The seizures often occur shortly after waking up or before falling asleep. The measurement of the brain waves (EEG) in those affected shows a typical pattern (so-called hypsarrhythmia).
The West Syndrome is caused for example by a malformation or damage to the brain, an infection or metabolic disorder. The prognosis depends on this cause. Mostly it is unfavorable. Most of the affected children suffer from developmental disorders.
Lennox-Gastaut syndrome
The Lennox-Gastaut syndrome (LGS) is another rare form of epilepsy in children. It usually appears between the 3rd and 5th year of life for the first time. Boys are more affected than girls.
Patients often experience multiple seizures a day, sometimes at night. Typically, this occurs different seizure forms on: Sometimes the body suddenly tenses completely or partially for several seconds (tonic seizure). The muscles can also suddenly relax (atonic seizure). In both cases there is a risk of falling. A combined tonic-clonic seizure as well as other forms of seizure (such as absence of consciousness = absence) are also possible with Lennox-Gastaut syndrome.
Occasionally, LGS seizures are potentially lethal Status epilepticus above. This is a prolonged seizure or a series of multiple seizures in quick succession, between which the child does not come to consciousness.
This form of epilepsy often occurs in children with malformations or damage to the brain. Brain damage, for example, can be the result of birth complications. However, there are also LGS patients in whom the brain structure is normally developed and also shows no damage.
Lennox-Gastaut syndrome is difficult to treat. The development of affected children is usually more or less affected.
Juvenile myoclonic epilepsy
Typically, the Juvenile myoclonic epilepsy in children / adolescents aged 12 to 18 years for the first time. Characteristic feature are more or less pronounced muscle twitching (myoclonus). During the attack, the arms move violently and uncoordinated. In doing so, the patient can unwittingly throw away objects that he holds in his hand. Sometimes the legs buckle.
The seizures often occur after waking up, but also during sleep deprivation. Many sufferers develop generalized seizures or distraction (absence) during the course of the disease.

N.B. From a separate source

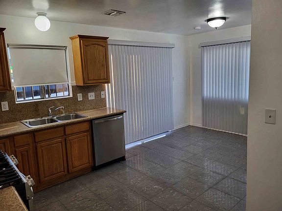 MOVE IN READY This 2 bedroom and 1 bath with 2 parking spaces single-story house is the back unit of the gated duplex complex. The house is well maintained. It has been freshly painted with laminated wood floor in both bedrooms and tile in the remaining area. Granite counter tops throughout with brand new stainless steel cooking range and dishwasher; has dryer and washer hook-up with central A/C and heating. Landlord will be responsible for water and trash costs. Tenant pays for gas and electricity. No Pet.

Juvenile myoclonic epilepsy can often be treated quite well with medication. This allows many patients to live without seizures. However, the medications often have to be taken for life.
Dravet syndrome
This is a very rare and severe form of epilepsy in children Dravet syndrome, It will also Myoclonic early cephalopathy or Early infantile epileptic encephalopathy called. Most children fall ill between the 3rd and 12th month of life, rarely later. Boys are more often affected than girls.

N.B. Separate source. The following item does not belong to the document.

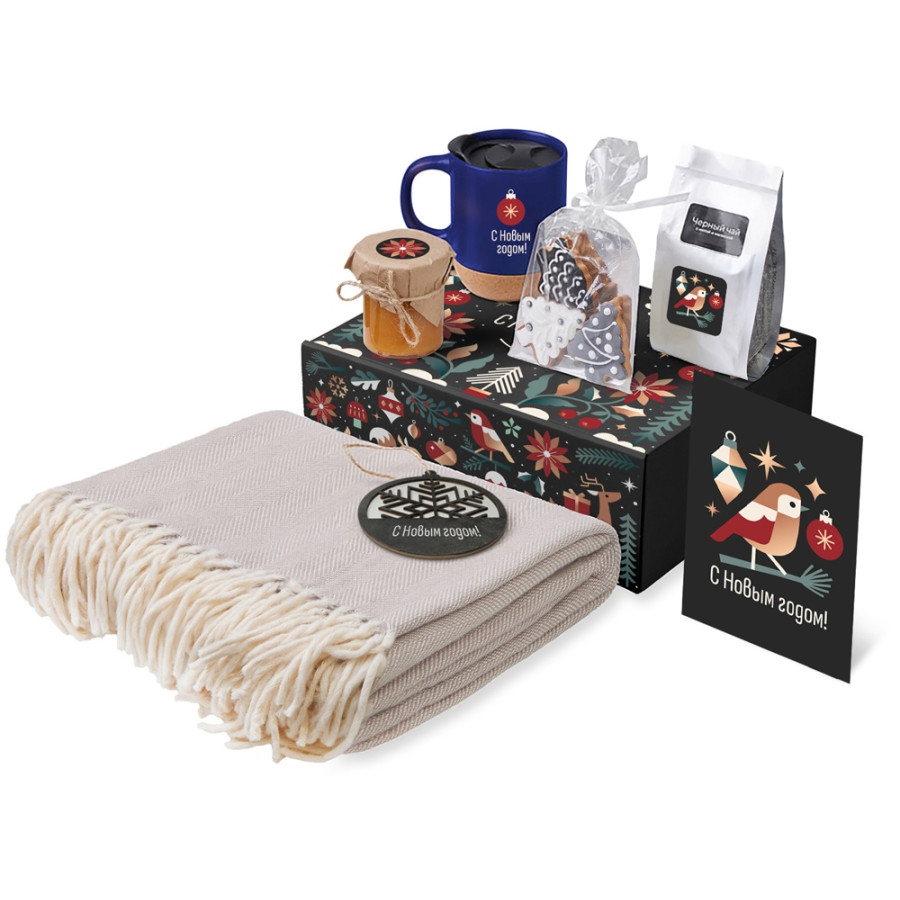 | Материал: | плед - 100% хлопок; кружка - керамика, пробка; подвеска - дерево; открытка - бумага |

Initially, the little patients get tonic-clonic seizures in fever (at first the body stiffens briefly, then uncontrolled, slow muscle twitches begin). The seizures can turn into a dangerous status epilepticus! As the disease progresses, seizures occur without fever. Other types of seizures sometimes appear (in addition to tonic-clonic attacks), such as myoclonic seizures (rapid convulsions of individual muscle groups). Often the seizures are triggered by external stimuli, for example, by temperature changes, light stimuli or excitement.

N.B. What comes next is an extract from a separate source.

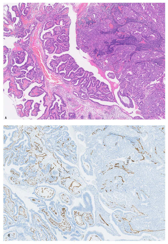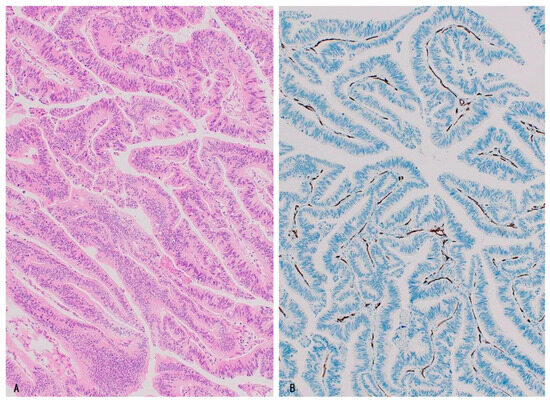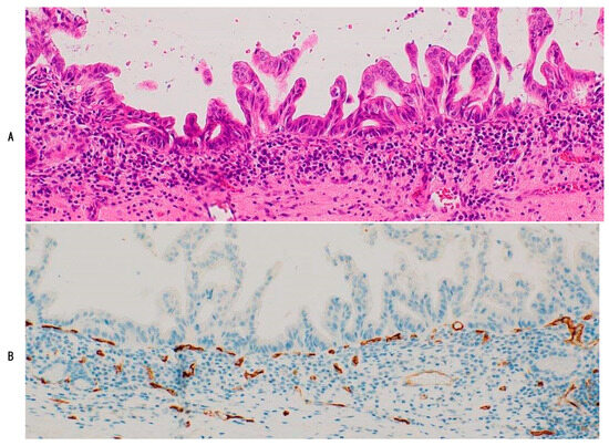 About half of IPNB, one-third of ICPNs, and all cases of PGA presented this distribution pattern. Dotted capillaries were regularly and/or rather densely found in all (or almost all) fine stalks or narrow stroma of intraluminal neoplastic components, and these capillaries underlined the neoplastic epithelial layer [11,12] (Figure 4A,B). These neoplastic epithelia and underlying capillaries were continuous with neoplastic epithelia and underlying capillaries in the stalk and stroma of intraluminal neoplasms, respectively. The intraluminal neoplastic component of this capillary pattern showed histological features of type 1 IPNB and ICPN (Table 3) [11,12].

The cause of Dravet syndrome is often a gene mutation (gene mutation): Affected is the so-called SCN1A gene, which provides the blueprint for a particular sodium channel in the brain. The function of these channels is crucial for the excitement of nerve cells.
Dravet syndrome is difficult to treat. Medications often do not work so well. With increasing age, epileptic seizures become less common. But because they often cause cognitive impairment and behavioral problems, this form of Epilepsy in children nevertheless an unfavorable prognosis. In addition, it may be related to sudden infant death (especially between the ages of 2 and 4).